# Bachmann 2-8-0 Tender Problem



## sandbarn (Feb 13, 2010)

Hi All,


I'm having a problem with a non-functioning LED on the rear of tender. My question is, How do you disassemble the lamp to get to the LED?


I've traced the voltage as far as I can (to the base of the lamp itself) and there is voltage there (about 12v). But I can't figure out how to get the lamp apart to get at the LED. I've looked at the Bachmann IPB for the tender. No help there. It's made of several parts but no suggestion of how they are put together (glue, snap, etc.). 


If I can get to the base of the LED and check the voltage, that should tell me if I need a new LED or just fix the wiring.


Any suggestions?


----------



## SteveC (Jan 2, 2008)

Lloyd

Can't say that I know anything about how to dissemble the lamp, but if it is in fact being fed approximately 12VDC then one of two things; 1) if it is an LED then that is why it is no longer working (12V is way too high for LED's), and the voltage supply should be checked before hooking up a new LED to it, 2) at 12VDC I would expect to see some type of incandescent lamp and not an LED.


----------



## SteveC (Jan 2, 2008)

Lloyd

In taking a look at the Bachmann exploded parts diagram on their web site (i.e. link below), and taking a look at page 4 where the 2-8-0 Consolidation tender is depicted (i.e. see excerpt image below).

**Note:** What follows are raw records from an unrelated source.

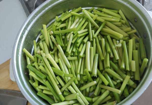食材:蒜苔1000克,老冰糖100克,香醋150克,酱油200克,清水600克,白酒10克。
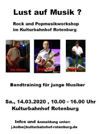 Der 1. Workshop im Jahr 2020 des Kulturbahnhofs in Kooperation mit der Kontaktstelle Musik findet am Samstag, den 14. März 2020 statt. Alle interessierten Instrumentalisten und Sänger/innen die Möglichkeit sich im Zusammenspiel mit anderen auszuprobieren. Der Workshop richtet sich in diesem Jahr besonders jungen Musikern. Der Musikmix wird aus Rock und Popmusik bestehen. Gitarristen (Akustische wie auch E-Gitarre) , Bassisten, Schlagzeuger und wie schon erwähnt Sänger und Sängerinnen sind herzlich eingeladen sich unter der Anleitung der drei erfahren Dozenten im Bandspiel zu üben. Mitmachen können alle, die Vorkenntnisse an den genannten Instrumenten haben - Anfänger wie Fortgeschrittene. Ob es sich um bestimmte Musikstücke handelt, die eingeprobt werden sollen oder auch um Themen wie Rhythmik, Musiktheorie und Arrangement. Die erfahrenen Dozenten des Kuba haben für alle Fragen die passenden Antworten. Wie das Musik machen mit unterschiedlichen Instrunmenten in der Band funktioniert wird intensiv geübt und die Ergebnisse werden wie immer im Anschluss im kleinen Abschlusskonzert vorgestellt. Das bewährte Dozententeam besteht aus Pat Dalton (Gesang, Bass und Gitarre), Jürgen Kolbe (Gitarre, Bass und Musiktheorie) und Jörg Meyer (Schlagzeug, Perkussion). Anmeldungen per E-Mail an: j.kolbe@kulturbahnhof-rotenburg.de. Anmeldeschluss ist Samstag, der 07.03.2020.
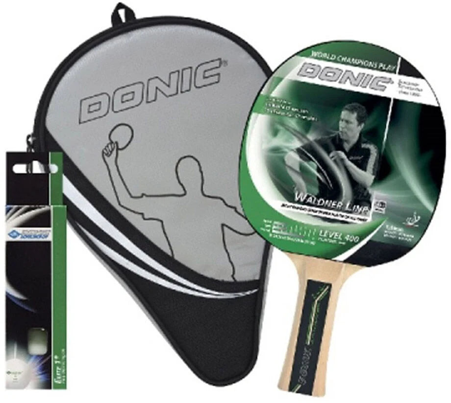 DONIC Waldner 400 table tennis bat set includes 1 bat, 1 racket cover and 3 Schildkröt Elite balls.

Bachmann 2-8-0 Consolidation Exploded Parts Diagram PDF[/b]










In looking at the above diagram, it looks like that you need to remove the lens first, which I'm sure is glued in place so you'll need to be careful in how you do that. Next, providing that there is enough slack available in the wires you remove the lamp a reflector and then separate the two so you can check the lamp to see if voltage is actually getting to the lamp. All the previous hinges on the fact that the diagram matches the actual equipment you have. Hope the above is found to be of some help.









I guess that if the lens is too hard to pry out without damage, you might be able to drill one or two small holes in the back of the lamp body and then using some small diameter wire (e.g. paperclip) and push the reflector forward until the lens is popped loose. ???


----------



## East Broad Top (Dec 29, 2007)

Pull the headlight off of the platform by gently squeezing the two "legs" of the lamp to snap it out of the base. Then take a small screwdriver and insert it into the bottom of the headlight. Gently push the blade of the screwdriver forward to press the lens and reflector out of the headlight housing. Pop the LED out and do what you need to do. 

Personally, while you've got it apart, I'd replace the LED with a "warm white" LED that's a lot more realistic in color than the orange LED used by Bachmann. There are a few different sources for them. I use the warm white LEDs from strings of Christmas lights, though it's the wrong season to zip over to Home Depot and pick up a string of them. (Perhaps next month???  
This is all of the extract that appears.